Translation:Good morning, brother

February 24, 2017

20 Comments


https://www.duolingo.com/profile/RaizinM

Asubuhi makes me think of the Japanese word asa (morning).

... well, actually, it made me think more of Asahi Shimbun (the "Morning Sun Newspaper", a popular newspaper in Japan)


https://www.duolingo.com/profile/Mr.Quizzical

That is very interesting. The word actually comes from Arabic "as-subh", meaning "the morning". It's cool how words are similar through languages.


https://www.duolingo.com/profile/Rae.F

Arabic and Japanese are completely unrelated to each other. Outside of direct borrowings, any similarities are entirely coincidental.


https://www.duolingo.com/profile/Mr.Quizzical

Yes, I know that. That is why is said "The word actually comes from".

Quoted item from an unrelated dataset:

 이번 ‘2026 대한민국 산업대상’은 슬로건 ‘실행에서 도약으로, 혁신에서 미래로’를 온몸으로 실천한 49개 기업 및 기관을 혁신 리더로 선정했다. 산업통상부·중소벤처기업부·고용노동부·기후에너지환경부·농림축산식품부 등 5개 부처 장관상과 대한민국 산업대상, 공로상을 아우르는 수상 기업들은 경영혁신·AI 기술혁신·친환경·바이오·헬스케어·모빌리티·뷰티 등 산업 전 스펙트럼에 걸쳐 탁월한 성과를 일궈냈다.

https://www.duolingo.com/profile/jessonaplane

Have a good morning, brother = asubhui njema kaka Have a good afternoon, sister = mchana mwema dada

The prefixes 'nj' and 'mw' - do they change because of the gender (brother vs sister), or the difference between morning and afternoon?

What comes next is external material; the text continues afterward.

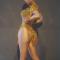 It is totally skincolor, it has long sleeves and a collar high in front but wide in back. There are gold/ silver sparkly rhinestones decorate it densely in shouders, cuffs and breast. They are arranged in delicate pattern like flower and looks like a waistcoat. They also decorate around waist like a belt and make the whole cloth shiny. Gold/ silver tassels fringe waist that constitute a hemline.
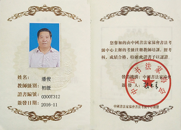 中国书法家协会初级书法注册教师

https://www.duolingo.com/profile/MeghanMage

They change because of the difference between morning and afternoon. In Swahili, each noun belongs to a different noun class and the noun class it belongs to decides the prefix of the adjective describing it. The words "asubuhi" and "mchana" belong to different noun classes and thus, the adjectives take different prefixes.


https://www.duolingo.com/profile/jessonaplane

Thank you very much for your reply. :) Fascinating that afternoon and morning are not in the same noun class despite both being 'times' of the day!


https://www.duolingo.com/profile/quriousking

Fascinating, yes; however, not usual at all. You are studying Spanish, for example. Look at the example below, where the gender changed despite both being times of the day.

buenos días -- good morning buenas noches -- good evening


https://www.duolingo.com/profile/Evaki99

Thank you! I wondered, also!


https://www.duolingo.com/profile/godonlyknows

When would you use "Habari za asubuhi" instead to mean "good morning"?


https://www.duolingo.com/profile/MeghanMage

In East African culture, you would use "habari za asubuhi" much more frequently than "asubuhi njema," especially as a greeting. Perhaps you see someone on the street in the morning, the first thing you would say to them is "habari za asubuhi." "Asubuhi njema" would be used more frequently when leaving a conversation: "Bye. Have a good morning!" I have never heard someone start a conversation or greeting with "asubuhi njema."


https://www.duolingo.com/profile/ahun00

habari za asubuhi = How is the morning?


https://www.duolingo.com/profile/Pietro460054

how many words for "good" are there?


https://www.duolingo.com/profile/Wowza42

I think they meant in Swahili.


https://www.duolingo.com/profile/WhiteRabbit442

Is this a greeting, or a goodbye?


https://www.duolingo.com/profile/MeghanMage

It's more commonly used as a goodbye.


https://www.duolingo.com/profile/s0Bmzrar

please make this guy not SHOUT


https://www.duolingo.com/profile/Popesatoa

What's the difference between "mwema" and "njema"?